The payoff: the community insights dashboard counts about 295M words across the library, all re-lemmatized by the nightly job. At ~18,500 words/s that’s the whole corpus in about 4.5 hours on one CPU, no GPU, no second machine. It’s the long block 4 in the graph above.
Better stats everywhere
The throughput is what made it runnable, but the point of running it was to fix everything downstream, like the word frequency list. A few of the changes:
| Word | Old rank | New rank |
|---|---|---|
| 하다 (to do) | 8 | 1 |
| 이거 (this) | 50,351 | 12 |
| 주다 (to give) | 61,314 | 30 |
| 여기 (here) | 57,601 | 41 |
| 이제 (now) | 78,431 | 44 |
| 왜 (why) | 21,827 | 49 |
| 갑자기 (suddenly) | 95,504 | 292 |
The old list was built by excluding anything ambiguous, so the most common words, which are also the most ambiguous, were exactly the ones it got most wrong. The grammar and idiom lists are rebuilt by the same nightly job and shifted too, just far more gently.

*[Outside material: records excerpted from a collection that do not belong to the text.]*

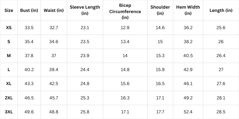 Size Chart (Inches):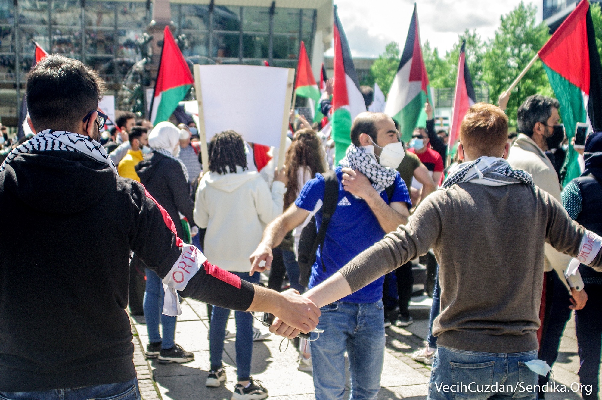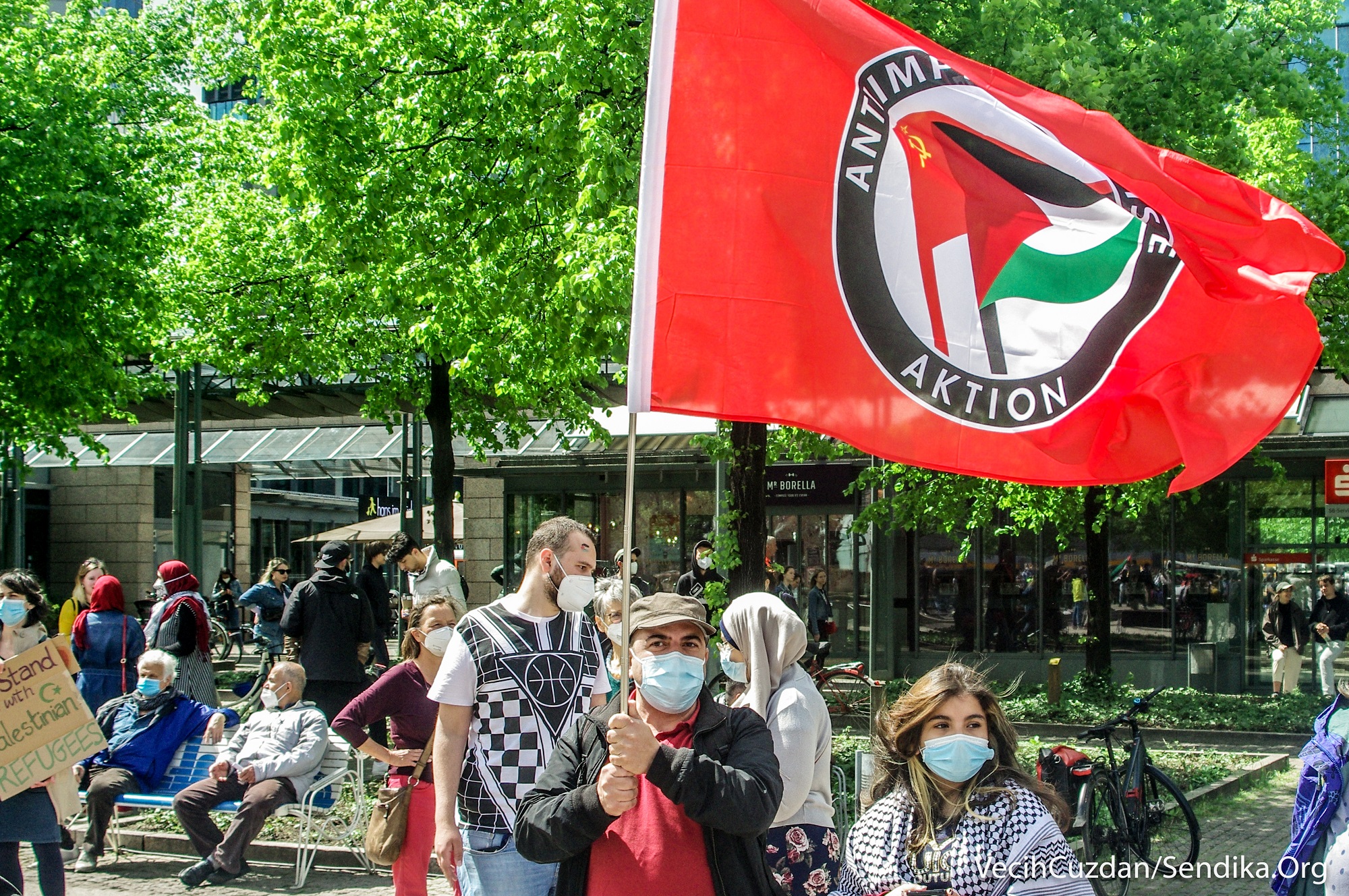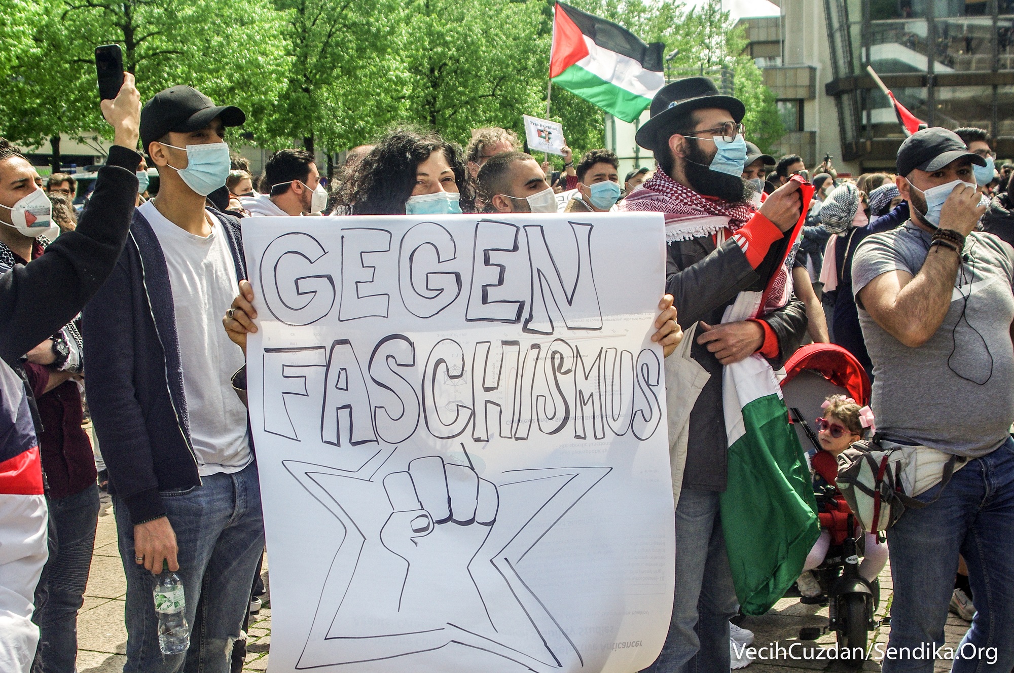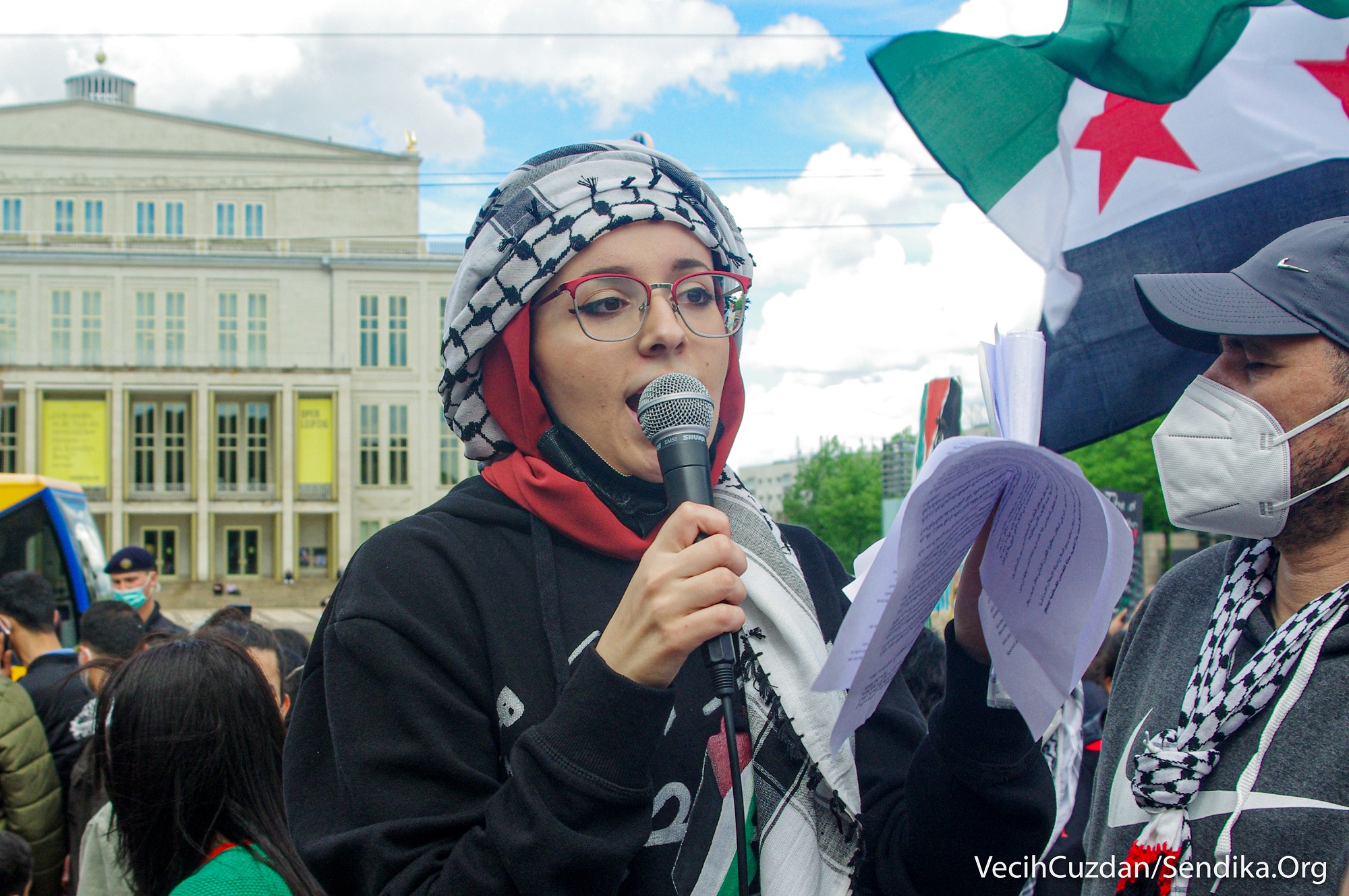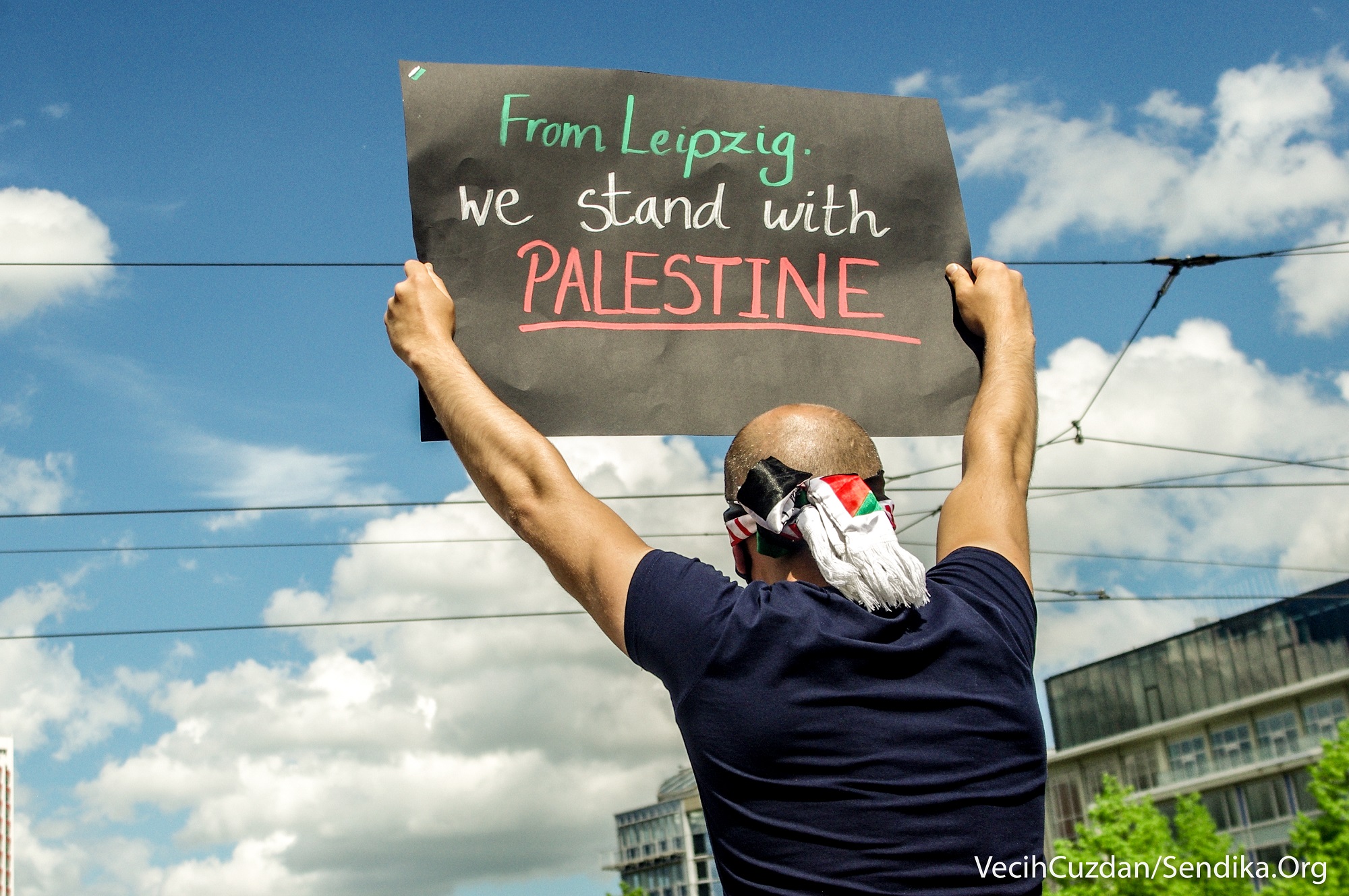 Arap ve Yahudi gençlerin çağrısıyla Augustusplatz Meydanı’ndan bir araya gelen yüzlerce kişi “1948’den beri nefes alamıyoruz”, “Leipzig’den… Filistin’in yanındayız”, “Nakba sürüyor”, “Şeyh Cerrar’ı kurtar”, “Kimin tarafındasın?”, “Siyonist devlet Yahudileri ve Yahudiliği temsil etmiyor… Özgür Filistin”, “Gazze’yi savunmak için Müslüman olmanıza gerek yok, sadece insan olman gerekiyor” yazılı dövizler taşıdı ve sık sık “Özgür Filistin”, “İşgale hayır”, “Enternasyonal dayanışmayı yükselt!”, “Hepimiz faşizme karşıyız” sloganları attı.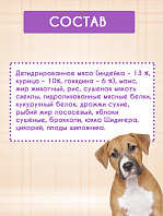 Состав: мясо и субпродукты не менее - 80% (в том числе индейка - минимум 15%), бульон, клетчатка.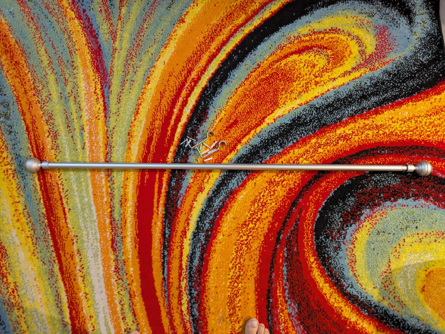 Selling a silver curtain rod, perfect for adding a touch of elegance to any room! It comes with all the necessary brackets for easy installation. It's in great condition and ready to use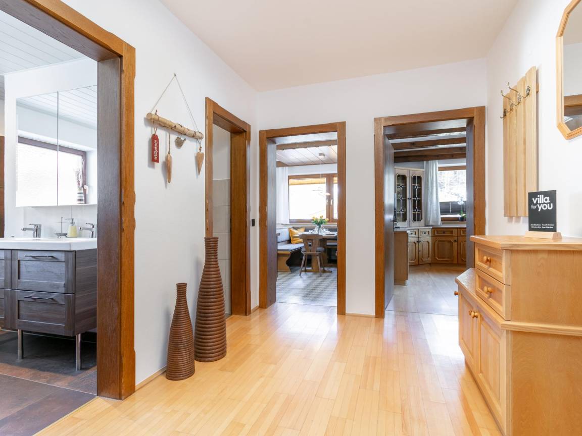 Hausbeschreibung : Diese geräumige Wohnung im ersten Stock bietet ein gemütliches Wohnzimmer und eine voll ausgestattete Küche. Drei komfortable Schlafzimmer sorgen für erholsame Nächte, damit Sie frisch in den Tag starten können. Genießen Sie Ihre Mahlzeiten auf dem Balkon mit Blick auf die idyllische Blumenwiese oder entspannen Sie im großen Garten im Sommer. Die Skibushaltestelle ist nur 300 Meter entfernt – ideal für Ihren Aktivurlaub!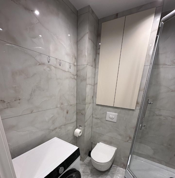 Сдается однокомнатная квартира. Полностью меблирована , встроенный холодильник, посудомоечная машинка, кондиционер, телевизор (50 дюймов), стиральная машина, тарелки, кружки, столовые приборы.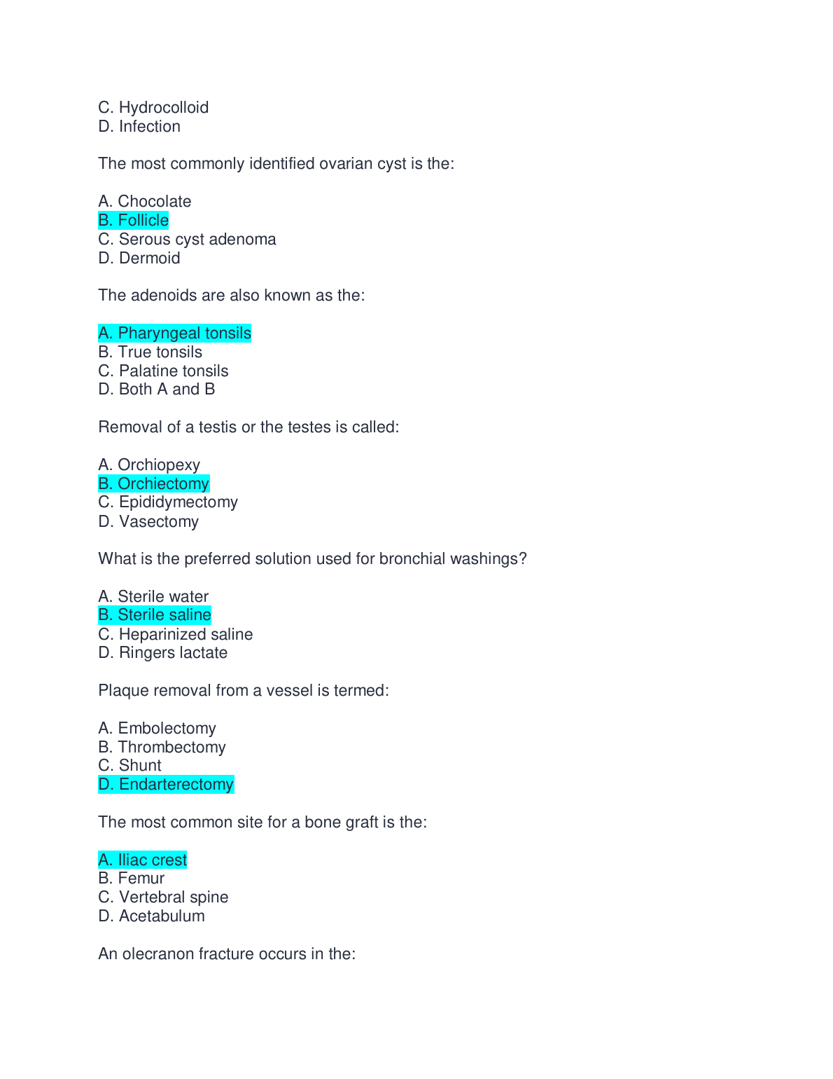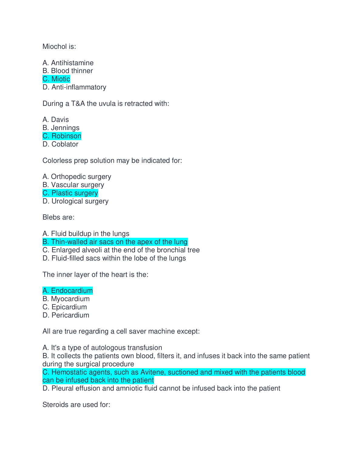 SRGT 2130 Surgical Technology Practice Exam 2 - Test Bank with Correct Answers

The metric that actually matters
Two questions, really: did users enjoy it, and could I actually run it on production? Yeah and yeah. The ones who tried the experimental flag loved it, and it fits on the CPU I already pay for, nightly job done in a night. No GPU bought, no new box. Me happy.
The learnings
Two takeaways and a bet.
The framing was the hardest part, not the training or the SIMD. Finding the right angle (a listwise choice over my rule-based candidates) took four attempts and looks obvious only in hindsight.
Datasets are hard, and they matter most. Every real jump came from better data, not a fancier model. Validation is even harder: when your labels are partly synthetic, a high score mostly proves you match the labeler, not reality.
The bet: in a year the next Claude or Codex might just crack this differently, with ideas that don’t exist yet. So rather than grind out the last few percent of accuracy now, I’ll ship what I have and let the ecosystem hand me the next leap. Not laziness, just plenty else to build.